Orlistat adverse effects are primarily gastrointestinal. Arterburn and Noel found that 22% to 27% of orlistat-treated participants reported oily spotting, flatulence, and fecal urgency (vs 1%–7% of control participants).51 Of the RCTs they reviewed, 4 showed an increased incidence of vitamin deficiency with orlistat treatment; 1 suggested reduced intestinal absorption of contraceptive pills with this medication. In addition, in 1 RCT of participants with coronary heart disease risk factors, more serious adverse events (10% vs 2.6%; unidentified in nature) occurred with orlistat than placebo.
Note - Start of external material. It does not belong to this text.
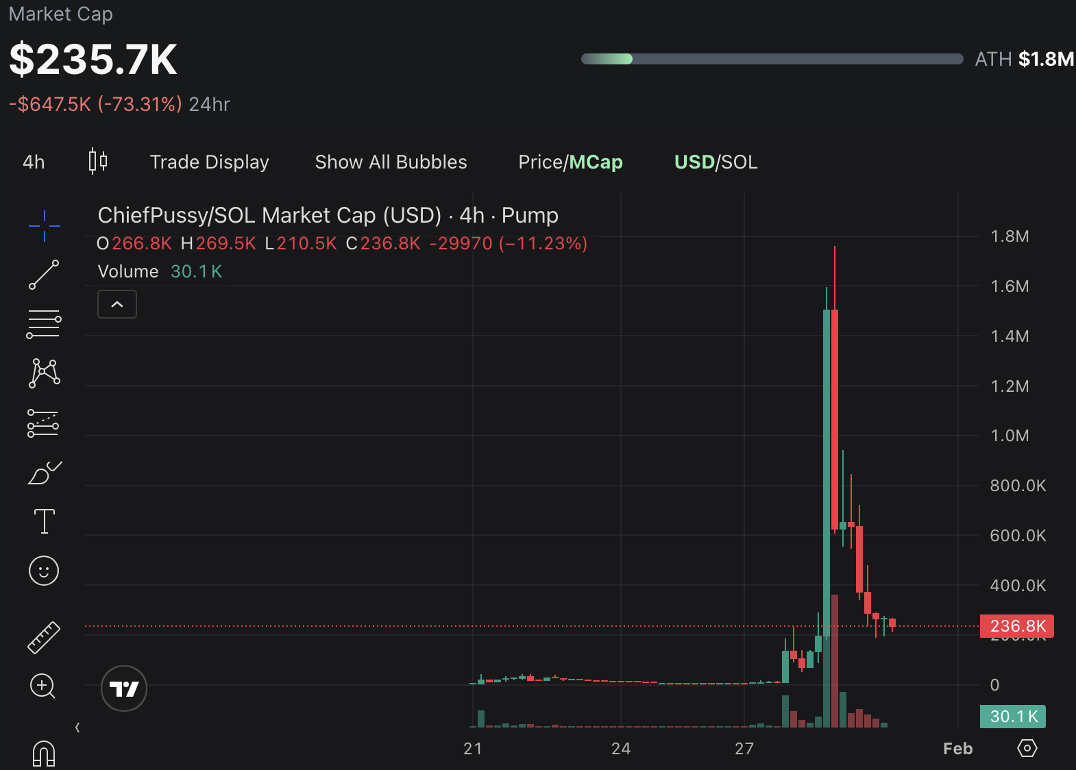 Since this high, however, it’s fallen in typical memecoin fashion by almost 89% in one day to a market cap of $246,000.

In the orlistat trials we reviewed, attrition rates were generally similar (within 5%) between drug and placebo arms. Dropout because of an adverse event generally was slightly more common (0%–7%) in orlistat-treated participants, although in 1 group it was an additional 12%.90

In the 3 trials that reported overall adverse event rates, 10% to 18% more of the drug-treated participants reported problems than did those in the placebo groups.89, 92, 93 The most common side effects were gastrointestinal (flatus, abdominal pain, fecal urgency): 14% to 37% more orlistat patients than controls reported the problems in the 3 studies, but they were usually mild. One trial reported the frequency of severe gastrointestinal events to be 1% to 9% more in drug-treated participants versus placebo.89 Two studies noted that orlistat led to gastrointestinal disturbance leading to attrition in 1% to 10% of participants.
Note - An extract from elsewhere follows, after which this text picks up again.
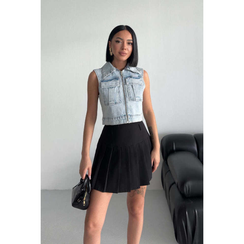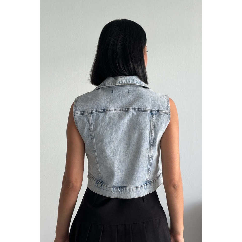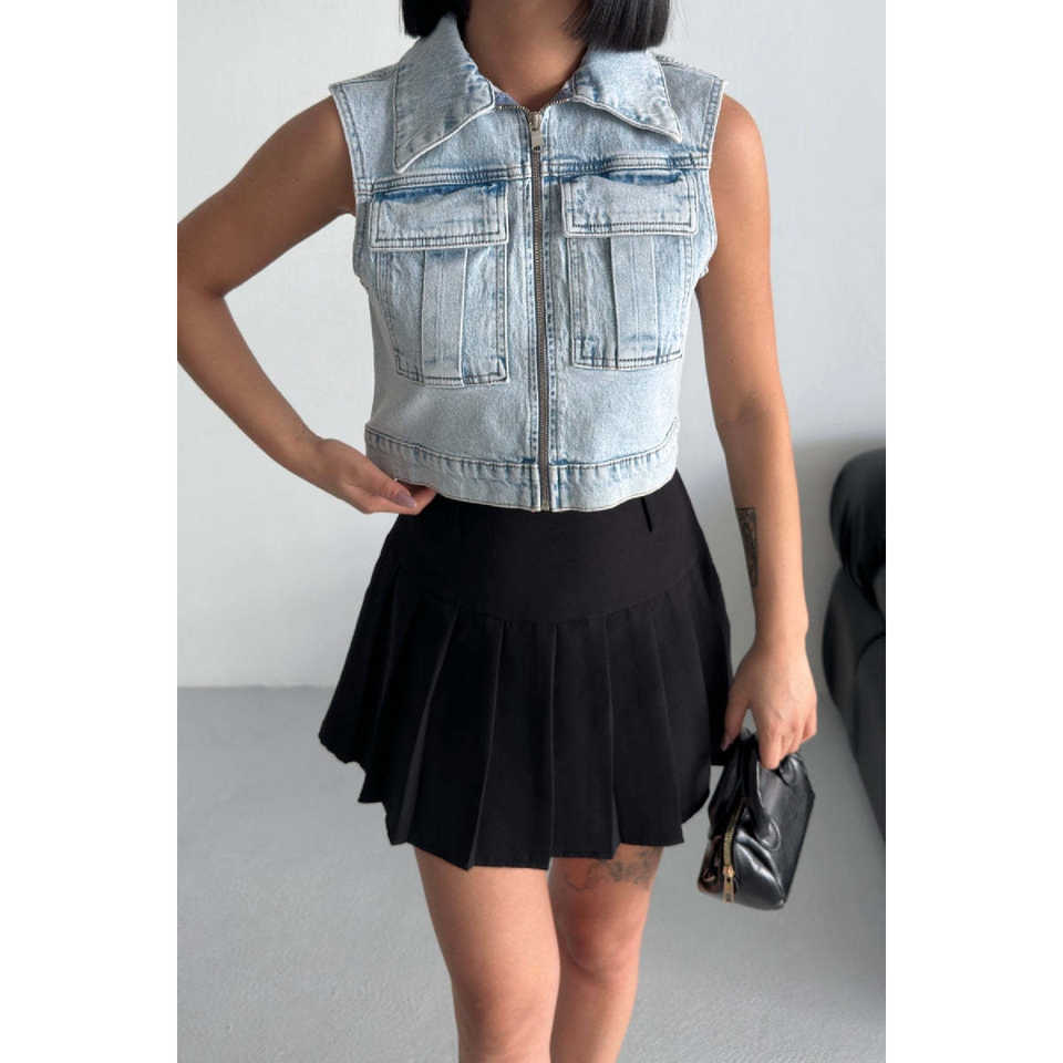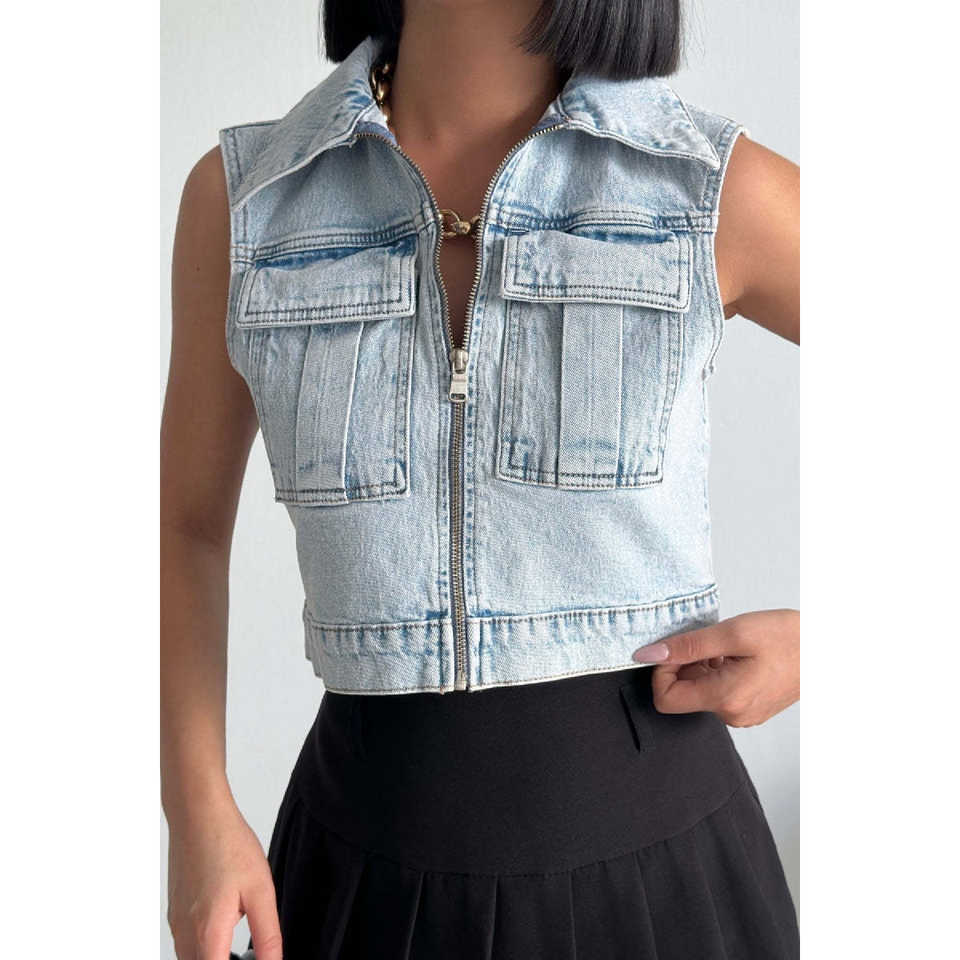 เสื้อกั๊กยีนส์วินเทจขนาดเล็ก แต่งซิป ผ้าถักโครเชต์ สไตล์เซ็กซี่ ลุคซักฟอก แต่งกระดุมโลโก้ บุด้วยผ้าฝ้าย

Adverse effects of other obesity medications may be of concern. Arterburn and Noel's review of harms of pharmacotherapy found no evidence of serious adverse reactions for phentermine, but unclear incidence rates of potentially serious side effects for mazindol and diethylpropion (pulmonary hypertension [mazindol and diethylpropion] and psychosis [mazindol]).51 They found that fluoxetine has been linked with gastrointestinal symptoms, sleep disturbance, sweating, tremor, amnesia, and thirst, and systematic review evidence of 10% to 15% incidence of anxiety, diarrhea, dry mouth, headache, and nausea.51 The single metformin trial we reviewed did not provide enough information to evaluate its profile of side effects.95

Surgical Approaches

We evaluated multiple surgical cohort studies, with follow-up of at least 1 year, to assess adverse effects. Adverse outcome data included 2 series in which patients had substantial comorbidity,108, 109 and multiple studies in which a modest degree of comorbidity was present. Generally, mortality rates were very low. In 12 cohorts treated with vertical banded gastroplasty, mortality ranged from 0% to 1.5%; if these rates were pooled, this represents a total of 3 deaths in 1,165 patients.108–119 Two of those studies included patients with substantial comorbid conditions,108, 109 as did 2 of the gastric bypass cohorts.109, 120 Among 9 cohorts of gastric bypass patients, mortality was 0% to 1.5% (10 deaths in 1,397 patients).101, 113, 120–126 Adjustable gastric banding mortality was similarly low: 0% to 1.6% in 16 cohorts.119, 127–141

Vertical banded gastroplasty was associated with several types of complications. Re-operation rate was reported to be 20% to 25% over 3 to 5 years.112, 115 Wound infection was noted in 8% to 32% of patients in 3 studies.109, 112, 113 Less frequent adverse events (<6%) included gastric leaks, stomal stenosis, and pouch dilatations. In gastric bypass patients, wound infection was reported in 8% to 20% of patients.113, 124, 125 Staple failure occurred in 15% of patients in 1 study with 14 years of follow-up;101 the same cohort developed vitamin B12 deficiency in 40% of participants. Other notable morbidity included diarrhea in 13% of 1 group125 and gastrointestinal hemorrhage in 3% of another.113 In patients undergoing adjustable gastric banding, morbidity was often from re-operation (1%–20%),127, 130, 133–136, 140, 142 band dislocation, leakage, or slippage (0.4%–8%).128–130, 132, 133, 135–137, 142

In addition to these procedure-specific adverse consequences, surgical patients require long-term follow-up and multivitamin supplementation. We found no evidence of psychological harms, but there is a suggestion of psychological benefit to weight reduction in surgery studies.